§ GIVEN ENTRIES:
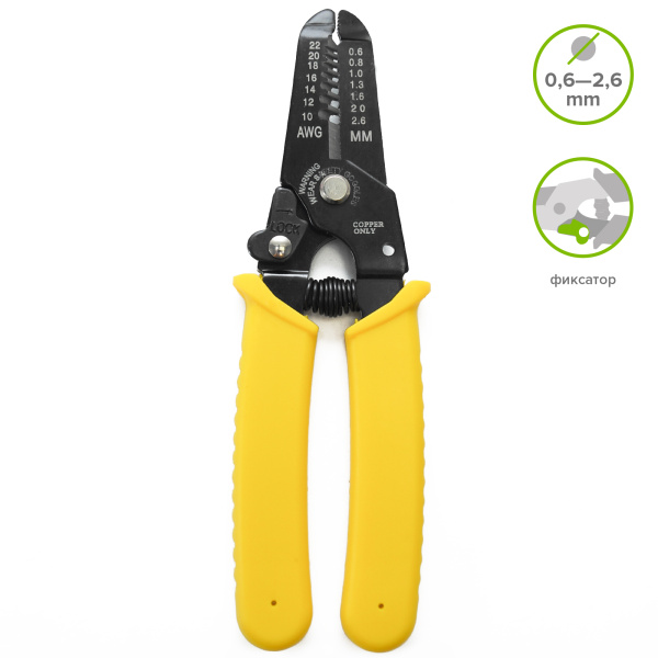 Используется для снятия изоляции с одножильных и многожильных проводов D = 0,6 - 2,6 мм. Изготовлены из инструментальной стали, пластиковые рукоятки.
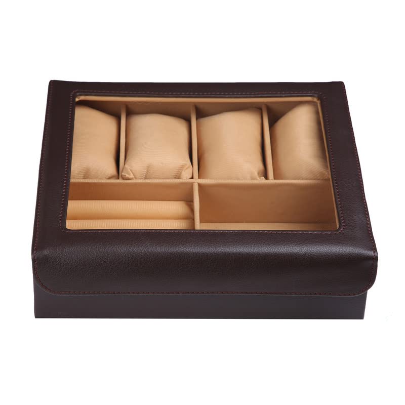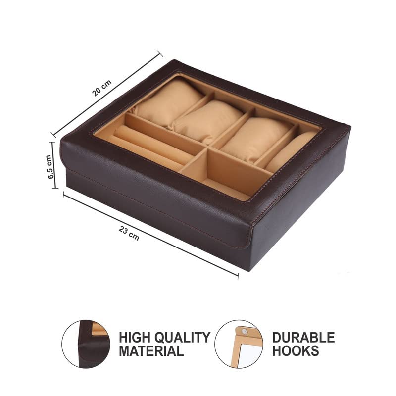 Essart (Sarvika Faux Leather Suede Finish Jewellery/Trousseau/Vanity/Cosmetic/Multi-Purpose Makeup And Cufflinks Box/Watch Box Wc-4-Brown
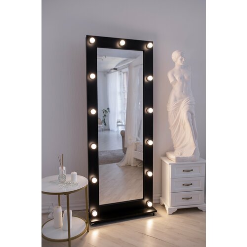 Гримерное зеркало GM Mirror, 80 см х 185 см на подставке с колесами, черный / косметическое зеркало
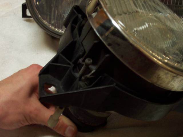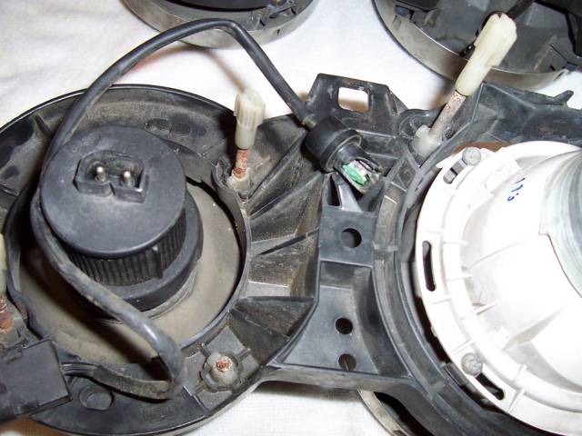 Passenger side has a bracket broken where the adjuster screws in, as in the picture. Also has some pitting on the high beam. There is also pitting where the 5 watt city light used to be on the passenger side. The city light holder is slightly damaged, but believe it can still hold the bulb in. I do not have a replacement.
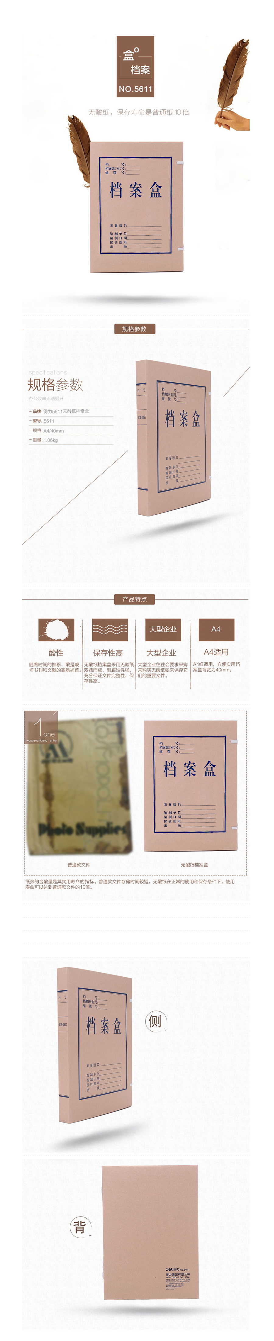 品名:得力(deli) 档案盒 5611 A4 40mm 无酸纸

§ THE PROBLEM:
Please set down only the lines from the first line of the records above through the line that has "Гримерное зеркало GM", exactly, and not the pictures.

§ EXERCISE OUTPUT:
 Используется для снятия изоляции с одножильных и многожильных проводов D = 0,6 - 2,6 мм. Изготовлены из инструментальной стали, пластиковые рукоятки.
 Essart (Sarvika Faux Leather Suede Finish Jewellery/Trousseau/Vanity/Cosmetic/Multi-Purpose Makeup And Cufflinks Box/Watch Box Wc-4-Brown
 Гримерное зеркало GM Mirror, 80 см х 185 см на подставке с колесами, черный / косметическое зеркало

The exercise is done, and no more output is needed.